I felt Marco's hand crawl up to my back and squeeze it. I gazed up a bit, my tears reaching my mouth. I felt like a little kid; if Marco let go of me, I'd fall. Slowly, I crawled mines up, -"It's going to be alright…"- He whispered back and I realized that he knew the other thing that had me on edge, -"You have to keep fighting, Jean… please. I beg you."

He wanted me to fight and keep moving; he didn't like seeing me like this, he didn't want me like this.

His words soothed me completely and everything faded. I stopped crying. I forgot everything that happened, it was just us right now… like old times. A faint image appeared before me: me as a little kid crying in young Marco's shoulder. I don't remember why I was crying then, but I knew that Marco was comforting me like right now.

We stood like that for what looked like an eternity and I didn't bother. I felt so free and relieved; I didn't want this to end.

My nose was literally on Marco's neck and I inhaled his smell. It was so… fresh and simple. It wasn't a perfume… it was like his own smell. It's hard to describe, but it kind of made me sleepy; it was like one of those liquids parents puts on their babies, cooling and smooth. I felt like I was in home. It was… good. My mouth opened, wanting to bite in and taste his neck… have that scent in my mouth…

That's when we hear snickers and gasps.
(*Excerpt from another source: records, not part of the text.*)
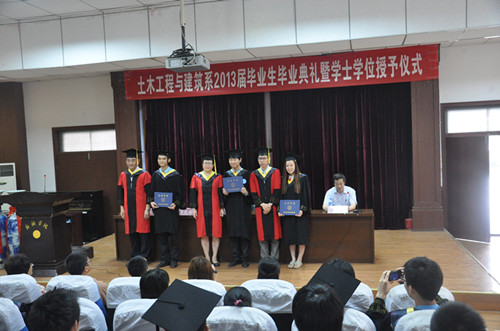 在学士学位授予仪式上,马芸副主任宣读了2013届学士学位授予决定,3位系领导一起为获得学士学位的毕业生颁发了学位证书,并一一和他们握手以示祝贺。整个会场沉浸在欢庆喜悦的气氛之中。
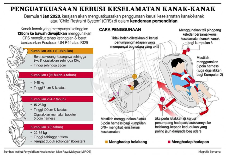 PENGUATKUASAAN KERUSI KESELAMATAN KANAK-KANAK BERMULA HARI INI, 1 JANUARI 2020
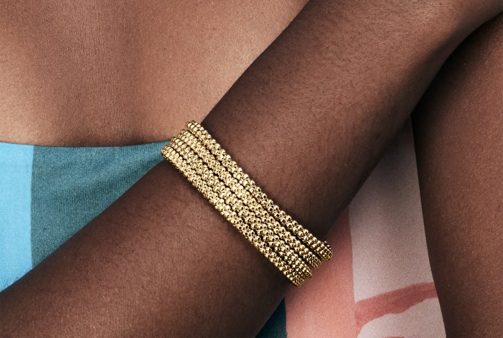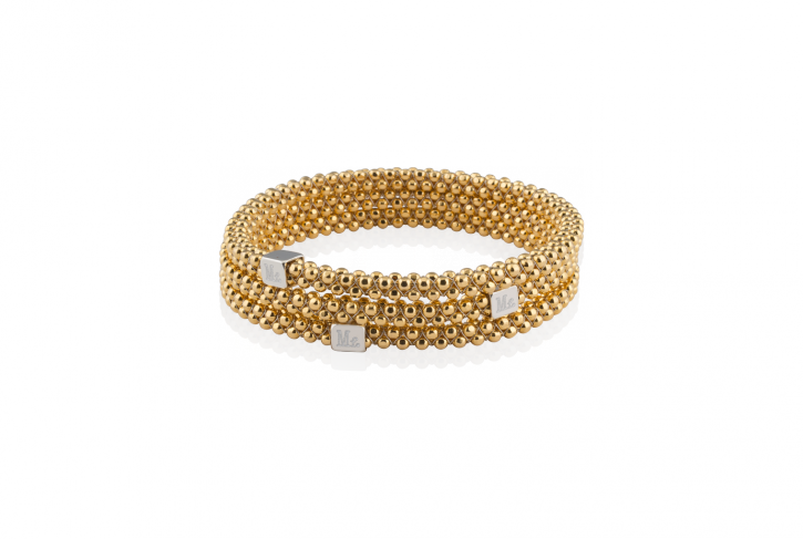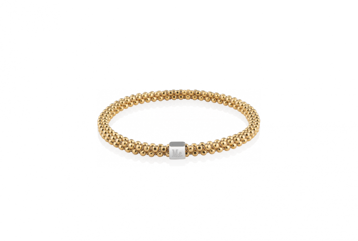 • Handwoven bangle with 24K Gold PVD plated Stainless Steel chain
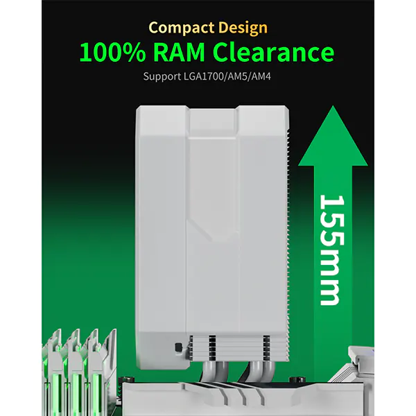 upHere UP1T4 CPU Air Cooler – White is designed for efficient cooling with a compact size of 155 x 130 x 71 mm. It features a durable aluminum and copper cold plate measuring 40 x 35 mm for improved heat transfer. The heatsink is made of aluminum, ensuring effective heat dissipation. The cooler has four copper heat pipes, providing a cooling capacity of up to 230W. This helps in maintaining stable temperatures during high-performance computing.
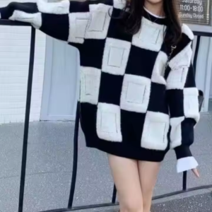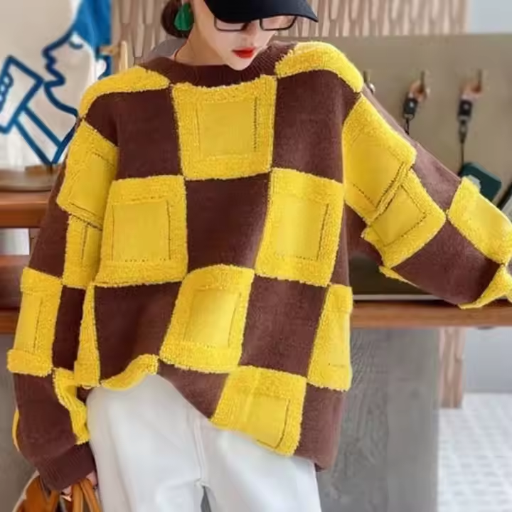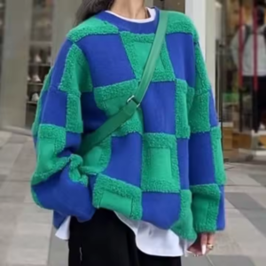 Stay cozy and stylish this winter with our Color Block Plaid Knit Sweater for Women. Designed with a relaxed fit and crafted using high-quality polyester, nylon, and cotton, this sweater delivers both comfort and durability. The bold plaid pattern adds a trendy touch, while the embroidered detail at the hemline offers a subtle hint of elegance.
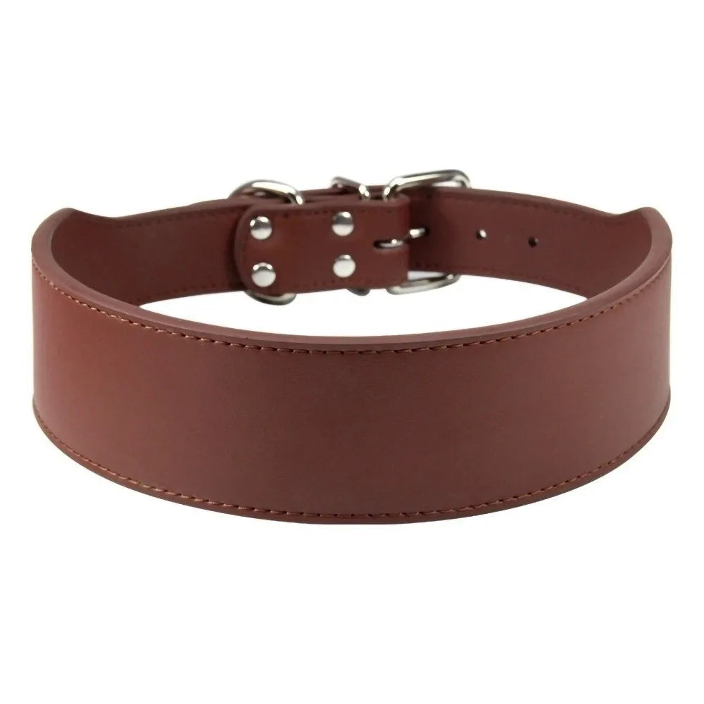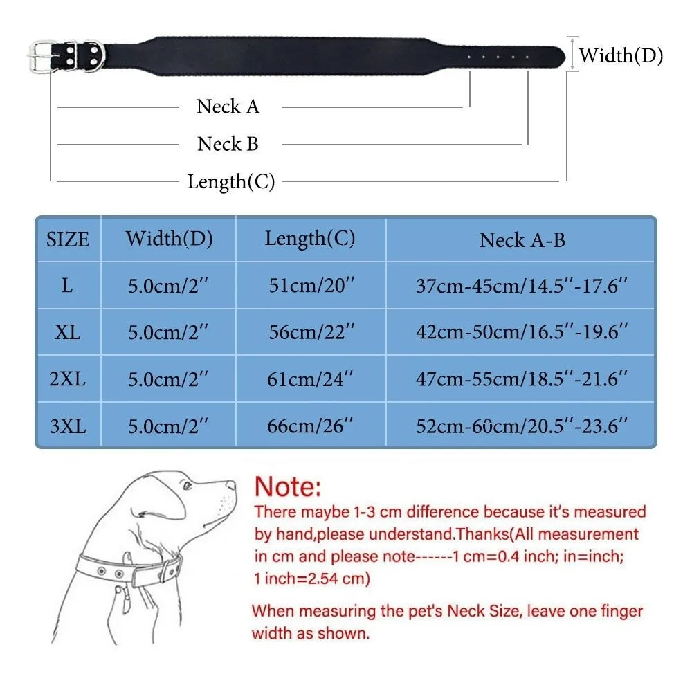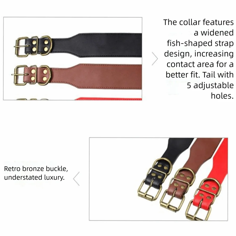 Made of great quality leathers, this collar is both durable and comfortable, perfect for everyday wear. The wide design ensures even pressure distribution around the neck, preventing discomfort or injury.
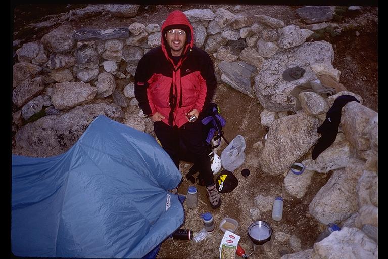 Ian Springsteel infront of our tiny tent at the Lower Saddle, Grand Teton, Wyoming
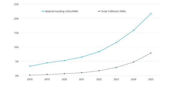 到 2020 年底,只有不到 1% 的仓库在支持履行操作中部署了 AMR(图 1)。物料搬运机器人是一种更为成熟的技术,在超过 5% 的仓库和制造设施中出现。展望未来,预计 AMR 将在 2025 年之前呈现强劲增长(图 2)。
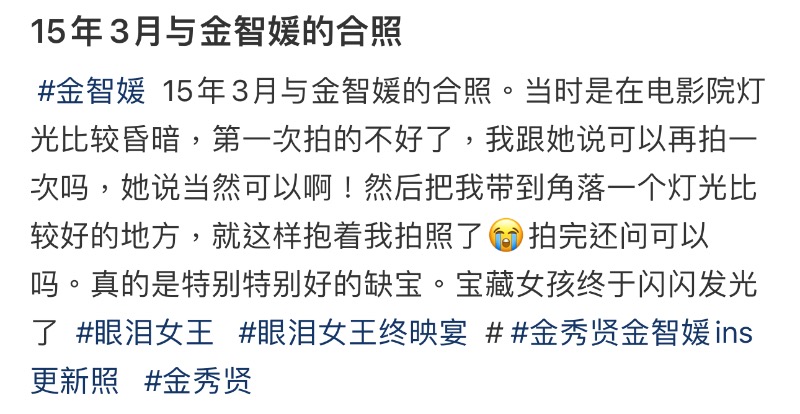 有中國網友就公開了自己9年前和金智媛的合照,表示寶藏女孩終於閃閃發光了👇

I shot up from the weird trance and stepped away from Marco. When I look back, I see two girls laughing to themselves. One coughed, -"This is the girls' bathroom, if you haven't noticed. Get a room next time,"- Marco and I looked at each other, both red as tomatoes and walked out, -"Gays."- The girls laughed.

Outside, we met Reiner and Eren, -"Finally, you came out of the closet, Kirshtein."- Eren laughed.

-"Shut up, Yaeger."- I quickly said, as always, but I didn't have a comeback now. I was too dumbstruck.

Yikes… back there I… what the hell happened to me? I didn't even realize I was in the girls' bathroom. I didn't know what I was doing… above all, the girls saw. I hope they were from tenth.

Nervousness stirred within me while I scratched the back of my neck. My face was burning hot. I slowly gazed back at Marco and my heart beat went faster, -"I think we have class now."- He said.

After that, we went to class. I spend all the time with Marco… I was a bit intense about what happened; not the crying, the other stuff… I almost bit his neck and I wouldn't have stopped if it weren't for those girls. I don't know why, but I wanted to. The desire still lingered in me whenever I looked at his neck. I began to imagine what I would've done if I did bit his neck: lick it, taste it, savor it…

I shock off those weird images. Other than that, I didn't want to stay away from Marco. I felt like if I did, I'd slip away. He was like the base that held me and I mean that emotionally. I wasn't so depressed anymore, but I was still sad and down about the soccer team. That's why I blend and Marco somehow kept me straight. After the emotional moment we had, I feel even more connected to him. I never cried in front of anyone. Marco was the huge exception.

At physical education, I didn't feel like doing anything, so I hid from Shadis.

-"Come on, I got a surprise for you! It'll cheer you up for good!"- Marco was pulling me towards the court.

I pulled on his shirt, -"What is it? Let's go to the rondure, Marco…,"- I felt like a little kid as I plead him.

-"Trust me on this one!"- He said cheerily.

We exited the gym and when I was about to complain, my mouth shut close when I saw my group playing soccer outside the gym. Everyone.

Connie ran towards me along with Thomas and Samuel, -"Hey, Jean, how are you gonna name your new soccer team?"

* * *

I don't know why but I also like the depressed Jean and the cuddly Marco :3 sho cute!

I'm really really trying to correct errors by reading it like five times and i'm like "it's done. No errors", but when I read the chapters in my cellphone I find a damn error -.- wtf?

Anyhow... the love is starting... tan tan TAN!